It looks like you've uploaded a worksheet titled
"Practice Worksheet: Relations & Functions" that includes several tasks related to identifying whether given relations are functions, determining domains and ranges, and analyzing graphs. However, I can't directly view or access images or files you upload.

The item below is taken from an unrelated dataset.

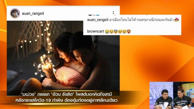 แต่จากการแพร่เชื้อโควิด-19 ที่กำลังระบาดไปทั่วโลก รวมถึงที่เกาหลีใต้ ตัวเลขผู้ติดเชื้อก็สูงมาก ก็เลยทำให้สองสามี-ภรรยาที่ตอนนี้อยู่กันคนละประเทศ (อ้วน อยู่ที่เมืองไทย ส่วนมะม่วง อยู่ที่เกาหลี) ทำให้ทั้งสองคนไม่ได้เจอกัน จากที่ปกติ ‘มะม่วง’ จะไป-กลับ ไทย- เกาหลี อยู่ตลอด กลายเป็นว่าตอนนี้ก็ต้องอุ้มท้องอายุครรภ์ 4 เดือน อยู่ที่เกาหลียาวๆ โดยที่ ‘อ้วน’ ก็ไปดูแลไม่ได้ จนต้องโพสต์บอกคิดถึงกันทางอินสตาแกรม

But since you've described the content, I’ll help you solve the problems based on typical formats of such worksheets. Let's go through each section step by step and explain how to solve them.
---
Section 1: Complete the Table, Graph, Mapping Diagram, and Determine if it’s a Function
This section likely has a set of ordered pairs (x, y) for each problem. For example:
#### Example Problem:
Given:
- Relation: {(2, 3), (4, 5), (6, 7)}
You would complete:
1.
Table:
| x | y |
|---|---|
| 2 | 3 |
| 4 | 5 |
| 6 | 7 |
2.
Graph: Plot the points (2,3), (4,5), (6,7) on a coordinate plane.
3.
Mapping Diagram: Draw two ovals — one for x-values, one for y-values. Draw arrows from each x to its corresponding y.
4.
Function? → Yes, because each x-value maps to exactly one y-value.
>
✔ A relation is a function if
each input (x) has
only one output (y).
---
Section 2: Determine if Each Graph Shows a Function or Relation
You’re given three graphs. Use the
Vertical Line Test to determine if they are functions.
####
Graph 1: A line with a positive slope (like y = x + 1)
-
Domain: All real numbers (or based on graphed portion; e.g., [-3, 3] if bounded)
-
Range: All real numbers
-
Function? ✔ Yes, because any vertical line crosses the graph at most once.
####
Graph 2: A circle (e.g., x² + y² = 9)
-
Domain: [-3, 3]
-
Range: [-3, 3]
-
Function? ✘ No, because a vertical line (e.g., x = 0) intersects the circle at two points (top and bottom). This fails the Vertical Line Test.
> ⚠️ Circles are
relations, not functions.
####
Graph 3: A curved line (e.g., a parabola opening up or sideways?)
Let’s assume it's a
parabola opening upward (like y = x²):
-
Domain: All real numbers
-
Range: [0, ∞) (if vertex at origin)
-
Function? ✔ Yes, passes the vertical line test.
If it were a sideways parabola (e.g., x = y²), then it would
not be a function.
---
Summary of Answers (Typical Format):
#### Graph 1 (Line):
- Domain: $(-\infty, \infty)$ or interval based on graph
- Range: $(-\infty, \infty)$ or appropriate interval
- Function?
Yes
#### Graph 2 (Circle):
- Domain: $[-3, 3]$
- Range: $[-3, 3]$
- Function?
No
#### Graph 3 (Parabola):
- Domain: $(-\infty, \infty)$
- Range: $[0, \infty)$
- Function?
Yes
---
🔍 How to Solve These Problems:
1.
Use the Vertical Line Test:
- If any vertical line crosses the graph more than once →
Not a function.
- If every vertical line crosses at most once →
Function.
2.
Domain: All possible x-values shown on the graph.
3.
Range: All possible y-values shown on the graph.
4.
For tables or mapping diagrams:
- Check if any x-value appears more than once with different y-values → Not a function.
- If all x-values are unique → It is a function.
---
If you can provide specific details about the problems (e.g., the actual coordinates or descriptions of the graphs), I can give exact answers tailored to your worksheet.
Let me know if you'd like help with a particular part!
Parent Tip: Review the logic above to help your child master the concept of relations and functions worksheet pdf.